Джереку казалось, что трансляционная пилюля не работала в полную силу, так как он не понимал большинства из сказанного. К несчастью, пилюля, скорее всего, переводила его словарь на английский девятнадцатого века, чем снабжала его словарем этих людей, но сам он все же мог объясняться достаточно хорошо.
— Привет, парни, — сказала, подойдя к ним, старая леди и, похлопав Нюхальщика по заду, протянула стакан, наполненный чем-то, запах чего живо напомнил Джереку тот, каким пахла другая леди на улице. — Хотите джина? Хочешь повеселиться, красавчик?
— Убирайся, Нелли, — сказал Нюхальщик добродушно. — Он мой.
Джерек заметил, что голос Нюхальщика изменился с того момента, как он вошел в Кухню Джонса. Казалось, он говорит здесь совсем на другом языке.
Несколько женщин, мужчин и детей выразили готовность заняться любовью с Джереком, и он был вынужден признать, что при других обстоятельствах с удовольствием удовлетворил бы предложения, но Нюхальщик тащил его дальше.
Джерека начинало удивлять, что ни один из этих людей не напоминал ни выражением лица, ни видом миссис Амелию Ундервуд. Ужасная мысль закралась ему в голову: а вдруг может существовать более одной даты со значением "1896 год"? Или он попал в другой временной поток (как-то Браннарт Морфейл объяснял ему теорию)? С другой стороны, Нюхальщик знал Бромли. Может быть, в разных районах живут разные племена, обычаи которых отличаются друг от друга? Возможно, Миссис Ундервуд принадлежала к племени, где в моде были скука и смирение, тогда как здесь люди жили весело и разнообразно.
Теперь Нюхальщик вел Джерека вверх по шаткой лестнице и дальше по галерее. От галереи отходил коридор, и Нюхальщик вошел в него, подталкивая Джерека впереди себя, пока они не подошли к одной из дверей. Нюхальщик остановился и, достав ключ из кармана жилета, открыл дверь.

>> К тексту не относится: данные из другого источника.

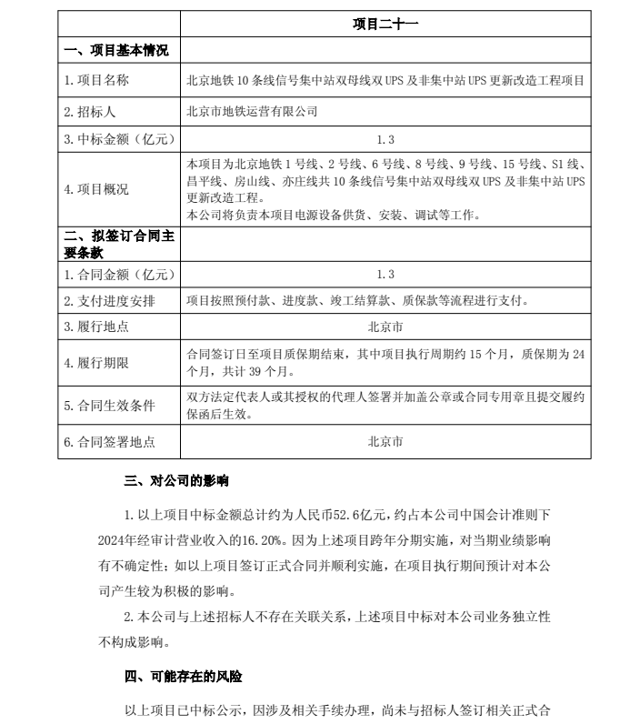 北京地铁10条线信号集中站双母线双UPS及非集中站UPS更新改造工程项目,中标金额1.3亿元。

Войдя внутрь, Джерек оказался в полной темноте.
— Минутку, — сказал Нюхальщик, шаря вокруг.
Раздался скрежещущий звук, сопровождаемый вспышкой света. Лицо Нюхальщика осветилось маленьким огоньком, горящим на кончиках его пальцев. Он приложил пальцы к стоявшему на столе предмету из стекла и металла, и тот сам начал светиться, постепенно залив тусклым светом всю маленькую комнату.
В комнате умудрились разместиться кровать с мятыми серыми простынями, шкаф, стол, два кресла, большое зеркало и около пятидесяти или шестидесяти сундуков и чемоданов различных размеров, сваленных повсюду. Груды их доставали до потолка, высовывались из-под кровати, чуть не падали со шкафа, частично закрывая зеркало.